Giving students practice in wide reading

In Reading Today,Elfreida Hiebert reported, “The inclusion of a standard on text complexity represents the most unique of several distinguishing features of the CCSS for English Language Arts.” She further reports that because of the strong relationship between vocabulary and comprehension, teachers need to conduct vocabulary lessons of critical vocabulary prior to reading.

In collaborative work with my colleague Dana L. Grisham, resources for integrating technologies into vocabulary and comprehension instruction were described in the California Reader (2014). Some recommended digital resources include the following:

  • Many e-books have text-to-speech (TTS) features to enhance key content.
  • eVoc Strategies for Teaching Vocabulary can be fostered using digital tools such as Wordle and Wordsift; both tools develop visual displays through word mapping.
  • Electronic children’s magazines such as Weekly Reader and National Geographic Kids are great sources of informational text about current events.
  • Other useful portals for research-based lesson ideas include ReadWriteThink and Reading Rockets.

A 2015 list of diverse books, as well as lists from 1996–2014, can be found at www.clrsig.org. All of these books were selected by the International Literacy Association’s Children’s Literature and Reading Special Interest Group. The collection includes theme-based books involving characters from diverse cultural and linguistic backgrounds and a range of family structures, as well as story lines that deal with identity issues related to gender and sexuality.

Focusing on comprehension

In their chapter about comprehension in the Handbook of Research on New Literacies, Bridget Dalton and C. Patrick Proctor write, “To read with understanding, the reader must be able to decode the words with a sufficient number of words automatized to allow for the fluency essential to comprehension.”

If the learner doesn’t understand a passage, the following digital tools and instructional strategies may help to enhance comprehension:

  • TTS and Synthetic Voice with which text is read aloud at the word, sentence, or passage level.
  • Vocabulary links provided in digital novels can lead to a graphic, video, or animation that elaborates on the meaning of a word.
  • Vocabulary supports on the Internet such as an online dictionary, thesaurus, or encyclopedia extend opportunities for students to explore word meaning.
  • In their The Reading Teacher article entitled “Internet Inquiry: Fundamental Competencies for Online Comprehension,” Tara Kingsley and Susan Tancock outline several instructional supports to help students select a topic, sort through a variety of media formats (text, graphics, audio, tags, bookmarks, and hyperlinks), build understanding across these formats, and communicate what they’ve learned to others.

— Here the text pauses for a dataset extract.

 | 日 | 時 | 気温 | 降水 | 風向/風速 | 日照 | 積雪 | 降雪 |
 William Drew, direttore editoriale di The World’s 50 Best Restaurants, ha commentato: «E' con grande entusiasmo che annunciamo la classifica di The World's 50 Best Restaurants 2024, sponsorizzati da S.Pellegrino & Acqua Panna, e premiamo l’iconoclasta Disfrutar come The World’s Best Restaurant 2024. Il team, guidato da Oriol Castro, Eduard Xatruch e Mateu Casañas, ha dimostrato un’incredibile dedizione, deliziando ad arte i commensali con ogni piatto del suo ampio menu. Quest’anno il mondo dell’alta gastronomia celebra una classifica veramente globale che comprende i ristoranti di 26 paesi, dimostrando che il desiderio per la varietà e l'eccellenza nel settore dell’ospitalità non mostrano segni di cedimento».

Giving students practice in collaborative writing and Common Core assessments

Writing is also an important component of literacy, especially argumentative writing and writing about texts students have read. Online resources providing information about the two consortia that have created new assessments of these skills include Partnership for Assessment of Readiness for College and Careers and Smarter Balanced Assessment Consortium.

In addition, in her article entitled “Multimodal Composition and the Common Core State Standards”, Bridget Dalton identifies multimodal composition as a digital written product that includes printed word, images, sound, and movement. She gives examples of how teachers can use multimodal assignments to help students develop skills that CCSS identify as important to 21st-century literacy.

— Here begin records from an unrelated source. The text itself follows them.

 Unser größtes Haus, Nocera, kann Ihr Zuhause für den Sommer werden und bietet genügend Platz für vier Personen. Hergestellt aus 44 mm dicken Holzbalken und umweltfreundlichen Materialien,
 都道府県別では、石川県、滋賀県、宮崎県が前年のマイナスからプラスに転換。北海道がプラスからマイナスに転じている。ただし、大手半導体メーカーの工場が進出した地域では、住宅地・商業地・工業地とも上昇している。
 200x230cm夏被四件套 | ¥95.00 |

CCSS encourages teachers to focus on reading texts deeply, writing for digital environments collaboratively, and reading and writing nonfiction texts. The digital tools and texts in this article help teachers foster new literacies as well as prepare students for the demands of CCSS assessments.

Marilyn E. Moore, EdD, is a professor at National University in La Jolla, CA, and serves as faculty lead for the Reading Program.